The Bama rebirth – The Nation

In May, it would be exactly five years that Bama, a major commercial town in Borno State, came under its first major attack by the Boko Haram insurgents. Subsequent well-orchestrated invasions in February and June 2014 left the town prostrate that upon what seemed like a final onslaught in September 2014, Bama town, which is the capital of the Bama Local Government area of Borno State fell to the Boko Haram militants. It was not to enjoy a breather until March 2015 when the Nigerian Army announced that it had liberated it.

Bama, as well as Dikwa, Magdali, Gwoza were among the toughest battle zones of the terror war. But Bama, which is barely about 60 km from Maiduguri, the Borno State capital, may have suffered the most devastation.

There are gory tales of about 50 policemen killed in one attack and yet another of about 100 mainly elderly people who could not escape being rounded up in a school dormitory and shot. For more than two years when it was under the control of Boko Haram, settlements and markets were reportedly razed and communication equipment damaged.

Bama was almost entirely shutdown and the displacement of the people- indigenes and settlers -was almost total. Since then, the Internally Displaced Persons (IDP’s) arising from the Bama apocalypse had turned out to be another phase of the war proving even more ruinous than the gun duels.

Government was suddenly confronted with nearly one million IDP’s needing shelter, clothing, food, medication and other basic necessities of life. For instance, over a period of about five years, many died of malnutrition and epidemics of common diseases. The process of rebuilding Bama and replacing basic amenities in order to rehabilitate the internal refugees has expectedly, been daunting.

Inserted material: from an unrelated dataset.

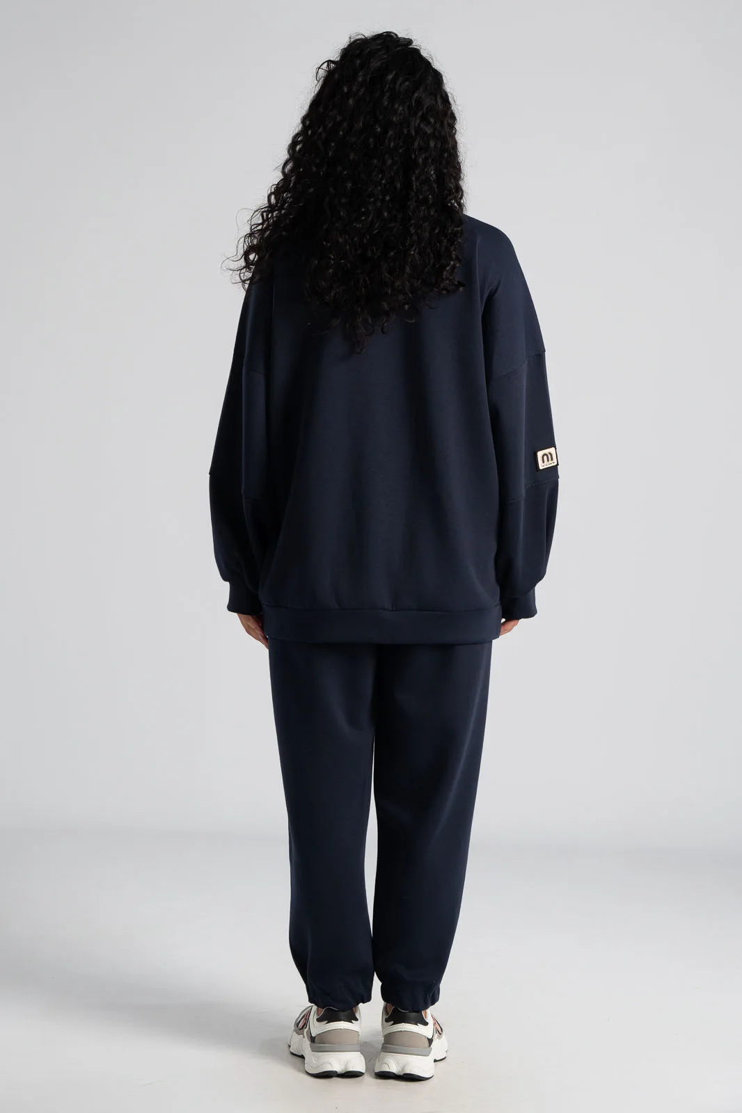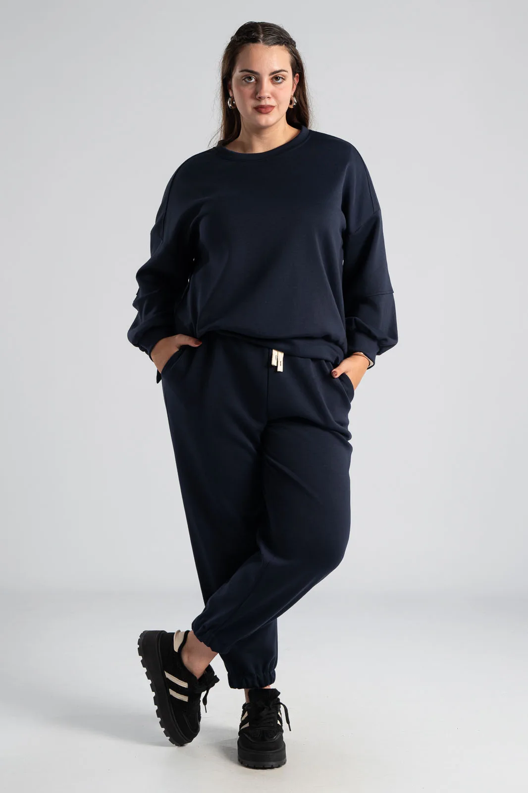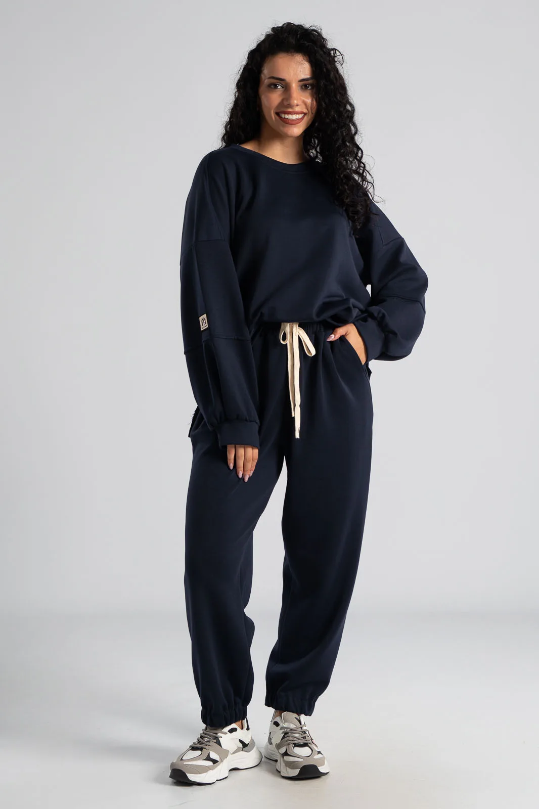 Tracksuit consisting of a blouse and pants in a tracksuit style. The blouse has a round neckline. It has long sleeves and is comfortable. It has a logo on one sleeve. The pants have an elastic waistband and an internal drawstring that you can adjust as you wish. They have pockets on the sides. The hem is elasticated. The measurements in the table are representative for each code. 95% polyester, 5% elastane.
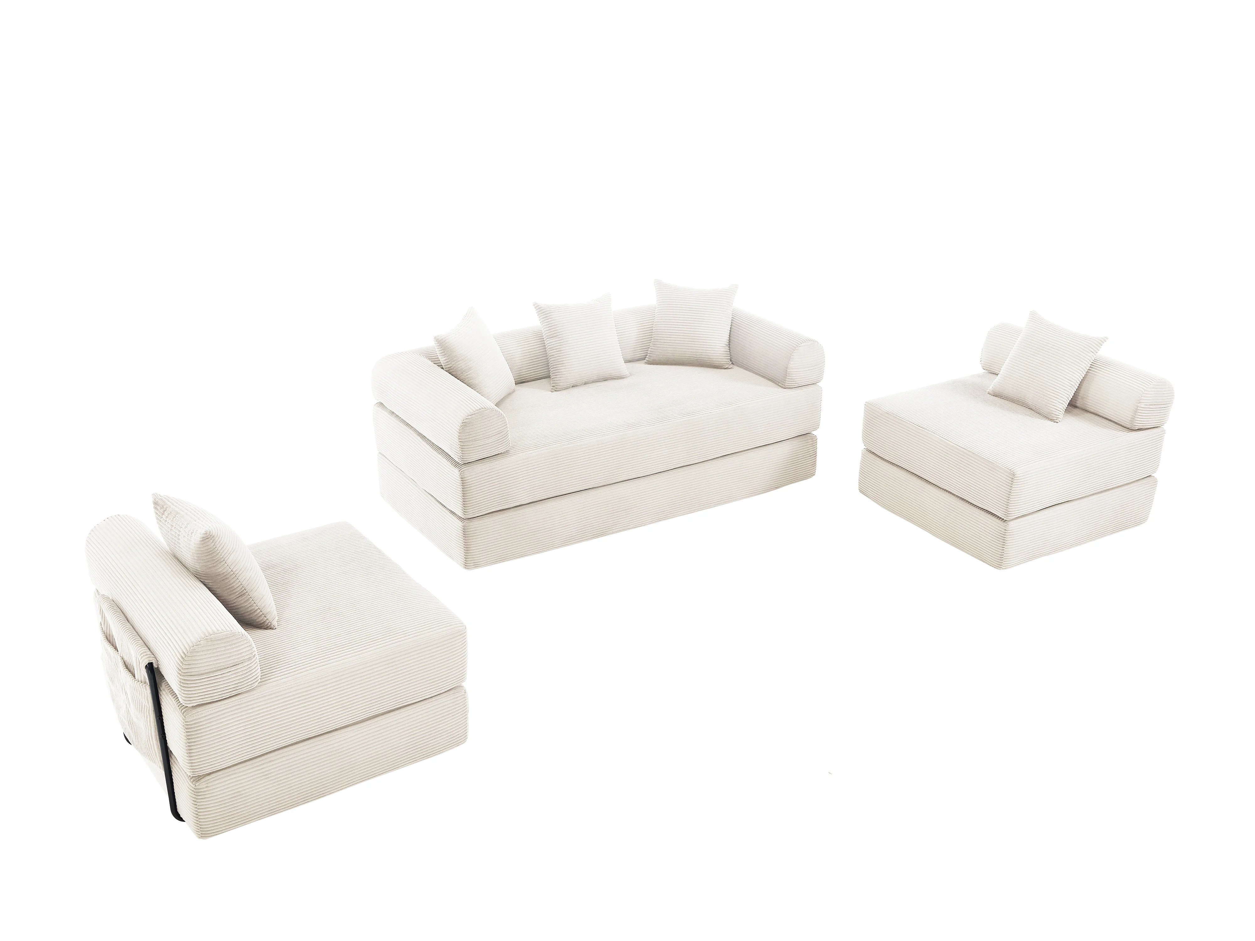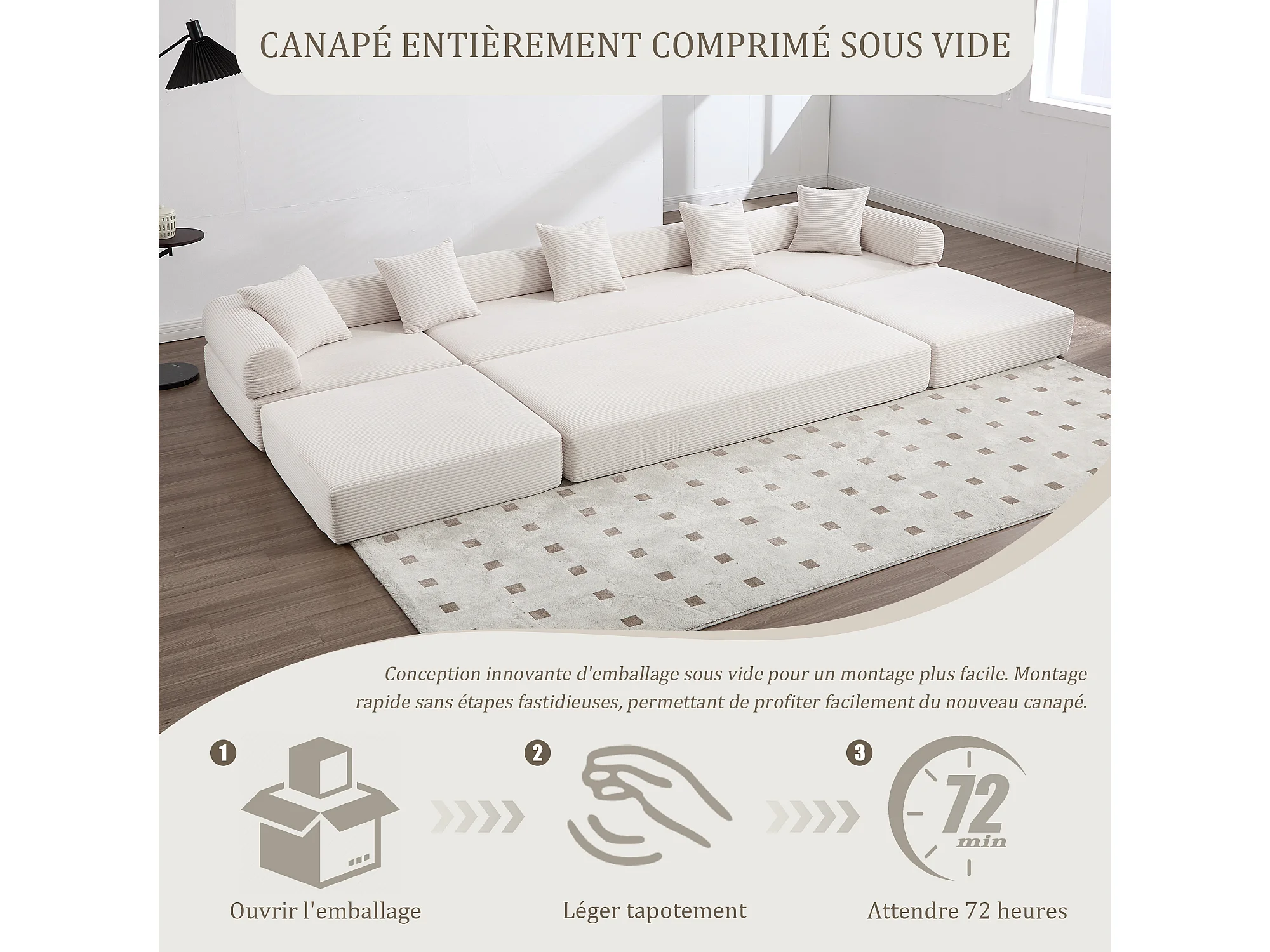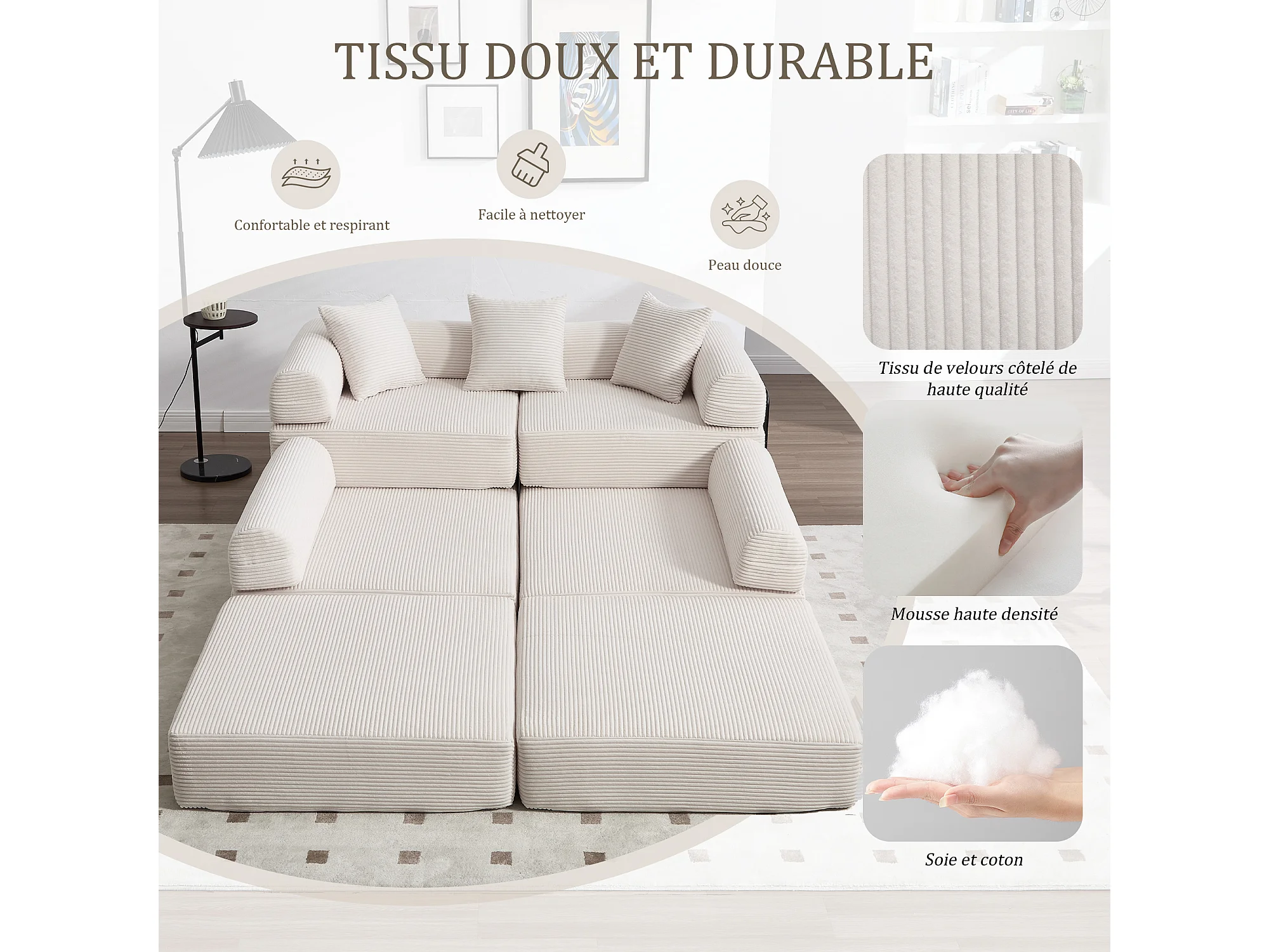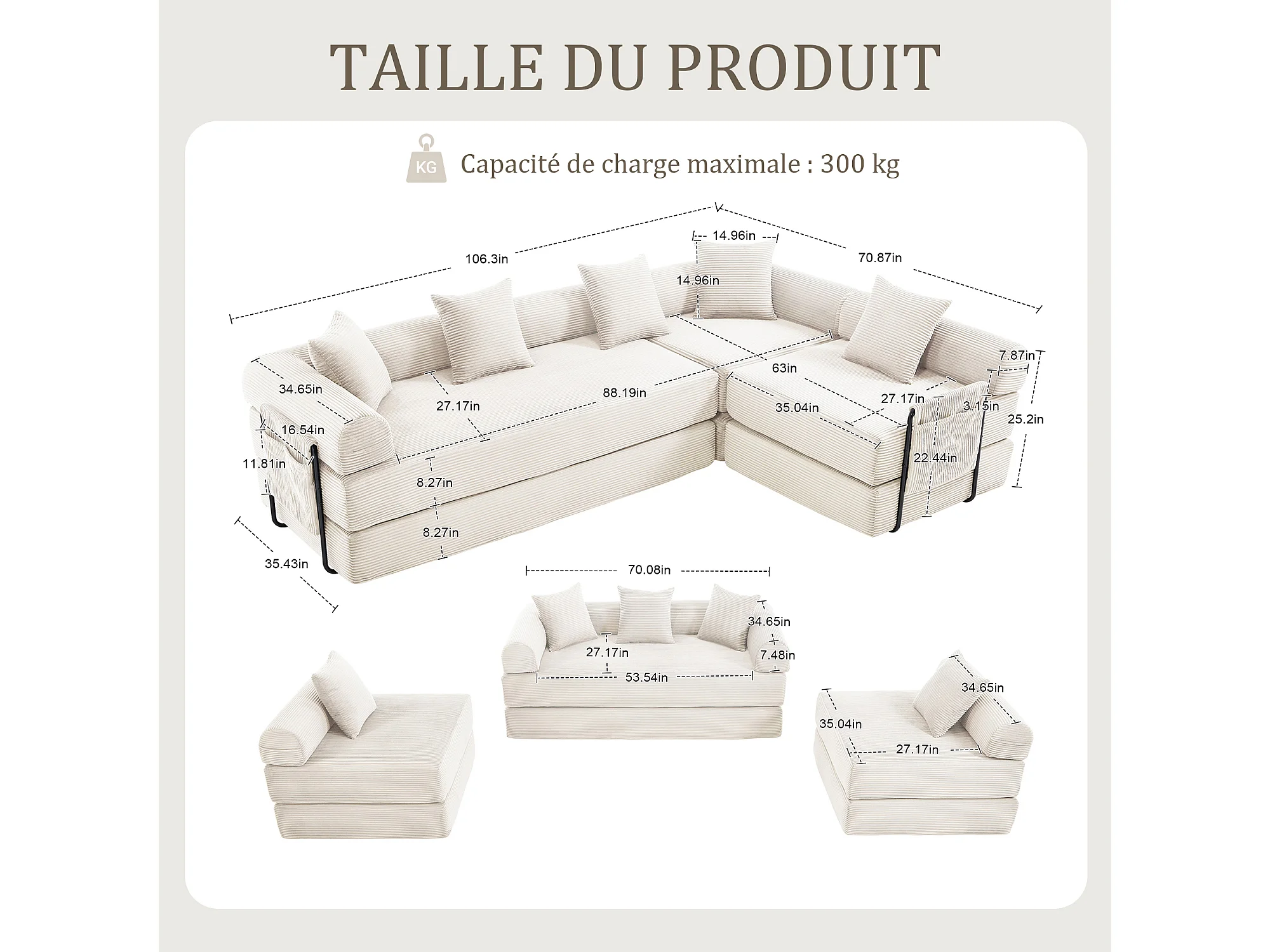 Canapé modulable 3 places - 5 coussins inclus - Porte-gobelets et poches latérales - Convertible en canapé d'angle - Beige - Idéal salon et studio

This is why we felicitate with an elated Borno State Governor, Kashim Shettima who recently announced a move to commence the rehabilitation and resettlement of displaced Bama people.

He had temporarily moved the seat of government to Bama, he announced gaily. Speaking to reporters, Shettima said, “The people of Bama will return in phases starting with ward and village heads; while the Shehu will be the last person to return. We did so in order for the Shehu to monitor the return of his subjects. We have distributed bio-data forms to capture all the returnees…”

The Commissioner for Reconstruction, Rehabilitation and Resettlement, Prof. Babagana Umara noted that about 11,630 houses have been renovated. Others are eight primary schools, eight bore holes, general hospital and 1800 shops and markets.

While we commend Governor Shettima for the immense zeal and commitment he brought to bear on this onerous project, we call for extreme caution and circumspection in this phase of the job. We aver that the process of orderly relocation of this large number is almost as tasking as building the structures.

Again, the devastating suicide bomb attacks on the capital city of Maduguri on Easter Sunday which killed 25 and injured about 800 must serve as a sad wake-up call for all involved to be a bit more wary. Apart from re-enacting as much stress-free movement as possible, security must be considered to be of priority importance.

Bama is only about 60 kilometres from Maiduguri, a distance equivalent to Lagos to Sagamu. If the insurgents could consistently hit the much garrisoned state capital, it stands to reason that Bama remains a target of attack.

While we urge that efforts must be doubled to return other IDPs in all parts of the country back to their natural homesteads, it must be noted that a lot more needs to be done to completely win the war against terror in the north east.

We urge the federal government as well as the military and intelligence hierarchy to intensify efforts to find the core financiers and masterminds of the insurgency and punish them. Intelligence and technology must be deployed to infiltrate the sect and neutralize them. A variant of the whistle-blower concept may also be introduced here.

Equally important is the need to revive the economy of the hinterland by getting the LGAs working once again. Thriving rural administrations will in turn quickly reduce the acute poverty prevalent in the northeast.

Government must also give more incentives to children to go to school as well as create youth programmes and sports activities to engage young people.

Properly managed, the rebirth of Bama would serve as a touchstone and a model for managing IDPs in other parts of the country. It must be noted that until all the displaced persons are returned to their respective homes, the war against Boko Haram has not quite ended.